第56話 オオカミとの攻防戦

 演習会へのお誘い。最初はティナも、クライヴ達のことを考慮して遠慮した。だが、結局は首を縦に振る結果となってしまった。


『お父様の知人の御子息が警備隊に所属していてね。ぜひ見に来てほしいと言われたの』

『べ、別に、その方の誘いに乗るんじゃないわよ。断ったりしたら、お父様に迷惑がかかるもの』

『こんな事を頼めるのはティナしかいないのよ。お願い、一緒に来てっ!』


 こうも必死に懇願されれば断れるはずもない。

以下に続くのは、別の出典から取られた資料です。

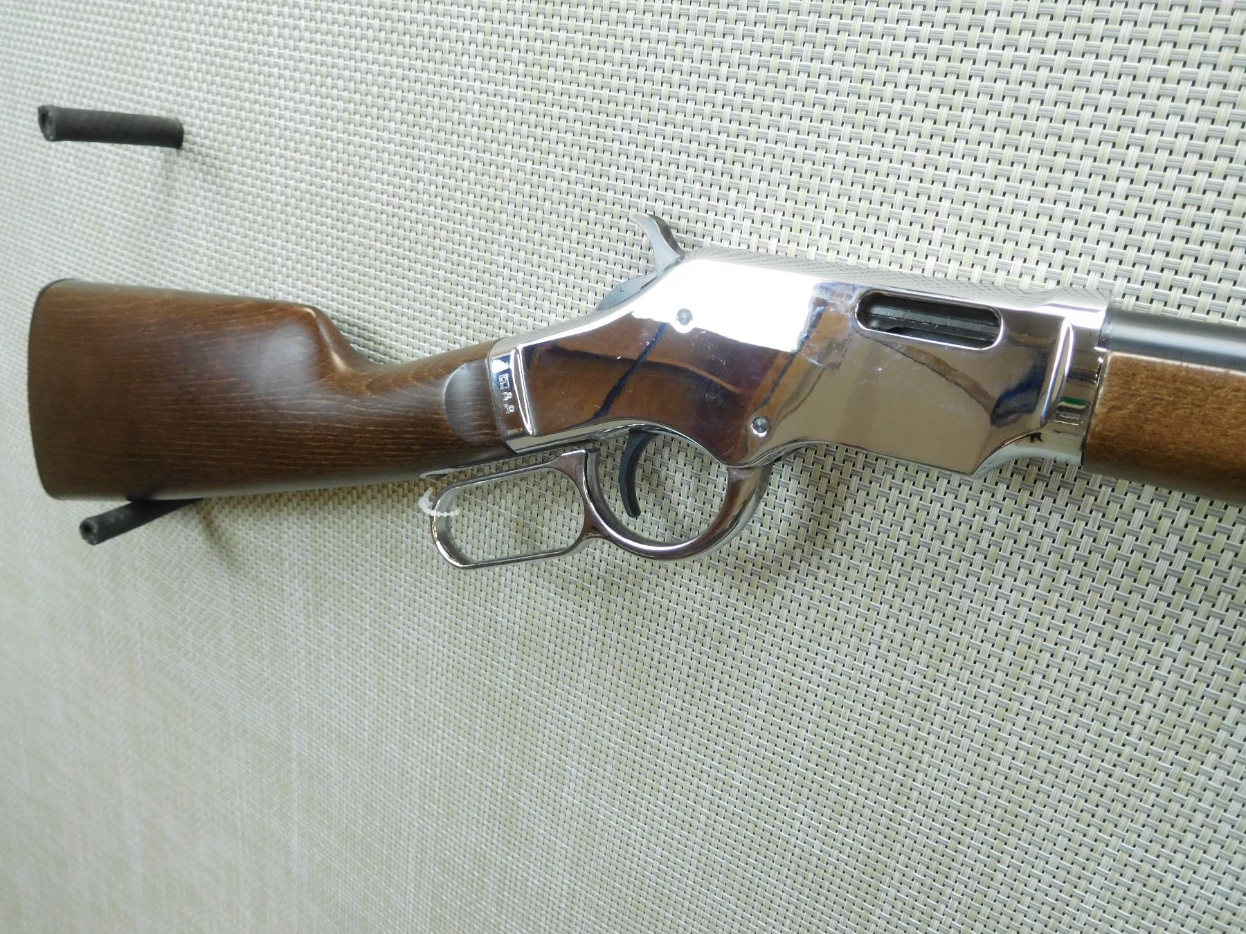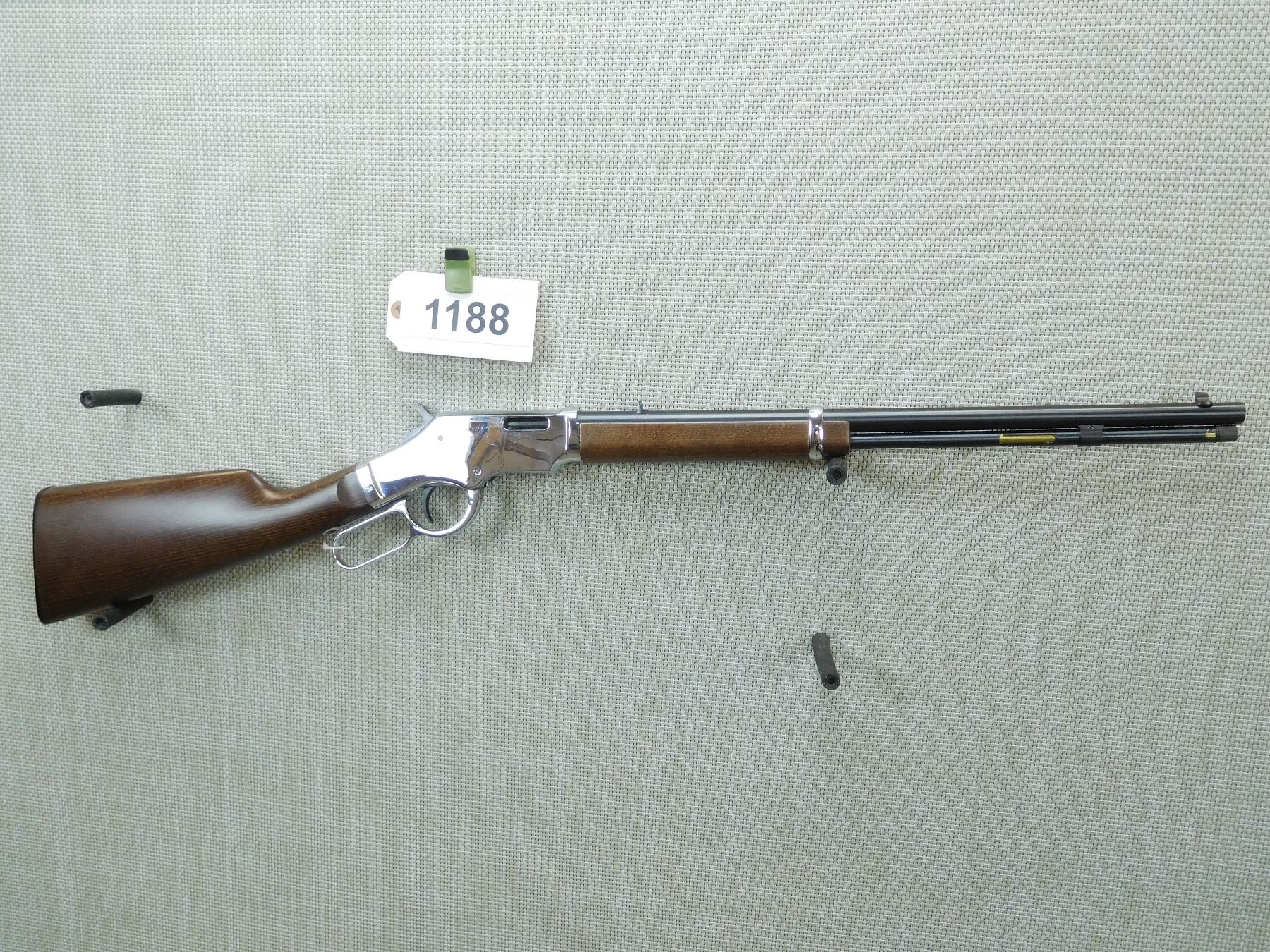 MANUFACTURED BY A UBERTI ITALY, DRILLED AND TAPPED FOR SCOPE MOUNTS, DOVETAIL FRONT AND FIXED REAR SIGHTS, BORE IS VERY GOOD, CHROMED RECEIVER, LEVER AND BARREL BANDS, CASE HARDENED HAMMER, PLASTIC BUTT PLATE , SERIAL # 19065 , ACTION: LEVER ACTION RIFLE , BARREL LENGTH: 18 1/2" , CONDITION: 9/10 , STOCK # 7544 , CLASS: CANADIAN NON RESTRICTED CLASS

後ろに控えているアニーからも深々と頭を下げられたほどだ。


 一応プリシラには特務隊のメンバーから来てはいけないと言われた旨は話してある。ナンパを心配されているとは恥ずかしく言えないので、理由は適当にごまかしておいた。プリシラ曰く「たくさん人がいるからバレないわ」との事だ。


──エイダちゃんも連れていっていいらしいし。


 なんでも、プリシラが招待された席は半個室のような場所で、一般席とは異なるらしい。プリシラとティナ、それとアニーが入っても広さに余裕があるそうだ。「子供一人くらい構わないわよ」とお許しをもらっている。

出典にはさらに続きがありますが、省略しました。